→ **EXERCISE DIRECTIONS**: Search the data for "where" and copy every matching line.

→ **DATA PROVIDED**:

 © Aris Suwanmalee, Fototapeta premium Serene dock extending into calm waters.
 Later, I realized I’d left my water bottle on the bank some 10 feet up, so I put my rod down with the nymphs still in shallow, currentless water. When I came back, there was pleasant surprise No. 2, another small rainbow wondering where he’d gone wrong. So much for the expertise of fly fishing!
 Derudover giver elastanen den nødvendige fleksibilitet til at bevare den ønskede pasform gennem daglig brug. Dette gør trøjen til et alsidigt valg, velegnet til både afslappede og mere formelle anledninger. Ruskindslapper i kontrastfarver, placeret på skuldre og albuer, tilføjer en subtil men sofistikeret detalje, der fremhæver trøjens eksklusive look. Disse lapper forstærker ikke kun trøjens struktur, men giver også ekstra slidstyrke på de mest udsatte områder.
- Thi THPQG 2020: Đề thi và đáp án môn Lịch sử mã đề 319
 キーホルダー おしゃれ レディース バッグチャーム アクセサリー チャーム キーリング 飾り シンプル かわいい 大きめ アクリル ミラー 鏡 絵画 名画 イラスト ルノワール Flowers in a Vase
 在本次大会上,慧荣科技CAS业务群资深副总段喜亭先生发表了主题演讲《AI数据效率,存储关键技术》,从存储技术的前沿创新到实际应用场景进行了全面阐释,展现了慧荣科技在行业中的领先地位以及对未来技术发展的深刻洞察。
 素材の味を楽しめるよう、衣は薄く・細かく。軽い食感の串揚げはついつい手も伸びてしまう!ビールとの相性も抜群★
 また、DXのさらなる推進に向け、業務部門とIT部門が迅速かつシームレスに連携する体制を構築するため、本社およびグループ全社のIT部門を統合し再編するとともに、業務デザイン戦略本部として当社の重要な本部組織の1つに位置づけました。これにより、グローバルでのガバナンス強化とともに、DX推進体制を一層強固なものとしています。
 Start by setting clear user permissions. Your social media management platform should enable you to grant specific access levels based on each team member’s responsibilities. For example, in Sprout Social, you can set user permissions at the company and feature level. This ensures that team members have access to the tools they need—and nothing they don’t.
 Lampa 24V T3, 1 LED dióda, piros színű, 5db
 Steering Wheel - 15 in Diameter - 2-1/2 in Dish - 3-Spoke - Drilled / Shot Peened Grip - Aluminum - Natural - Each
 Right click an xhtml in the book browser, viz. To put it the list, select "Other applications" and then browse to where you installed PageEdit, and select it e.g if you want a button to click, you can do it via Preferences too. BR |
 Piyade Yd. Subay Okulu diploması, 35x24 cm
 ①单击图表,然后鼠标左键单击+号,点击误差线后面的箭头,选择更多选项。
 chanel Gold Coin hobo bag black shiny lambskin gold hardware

→ **EXERCISE RESPONSE**:
 Later, I realized I’d left my water bottle on the bank some 10 feet up, so I put my rod down with the nymphs still in shallow, currentless water. When I came back, there was pleasant surprise No. 2, another small rainbow wondering where he’d gone wrong. So much for the expertise of fly fishing!
 Right click an xhtml in the book browser, viz. To put it the list, select "Other applications" and then browse to where you installed PageEdit, and select it e.g if you want a button to click, you can do it via Preferences too. BR |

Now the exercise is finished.